Communication with online students cannot be only one way. We cannot simply send information out; we must take it in as well. We must also listen and make ourselves available to do so. Because we are online and largely asynchronous, we must listen between the lines to those things that may not readily be shared. We must, as Peter Drucker once said, “…hear what isn’t said.” Students may stop participating, work quality may falter, assignments may be late and comments in discussion forums may raise red flags. These are all signs we must look for to support students who need us in order to persevere.
Online learning isn’t one size-fits-all. Just because online learning was built to be mostly, if not all, asynchronous, doesn’t mean that it is the “size” that fits best right now. Online institutions should consider adding synchronous opportunities for students to connect with people in real-time. These can be small sessions with faculty or webinars with classmates, but opportunities for connection and communication are key.
Finally, online institutions should embrace user experience practices and simply ask students what they need.

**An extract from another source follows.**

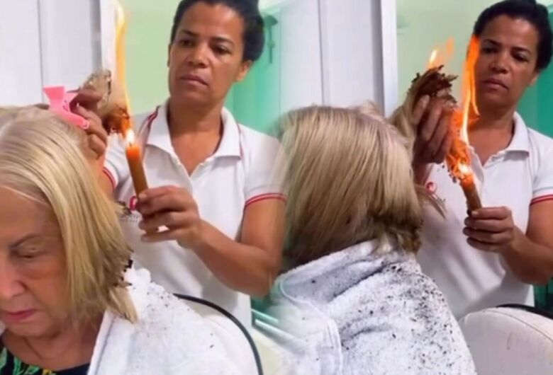 No vídeo, a cabeleireira aparece utilizando uma vela acesa para literalmente colocar fogo nas mechas da cliente durante o corte. A cena chama atenção pelo risco aparente e pela forma incomum de execução.

While some may choose not to share, others will provide insight that can help meet students where they are…wherever that may be.
Traditional campuses have had to redefine themselves and restructure student learning as a result of the COVID-19 pandemic. Online institutions are not immune to this pandemic or to the institutional reimagination that it requires. Online learning can no longer mean “distant” education. This is a time when people need to be more connected than ever, so institutions and programs must engage with students more meaningfully, get to know them and find ways to support their learning.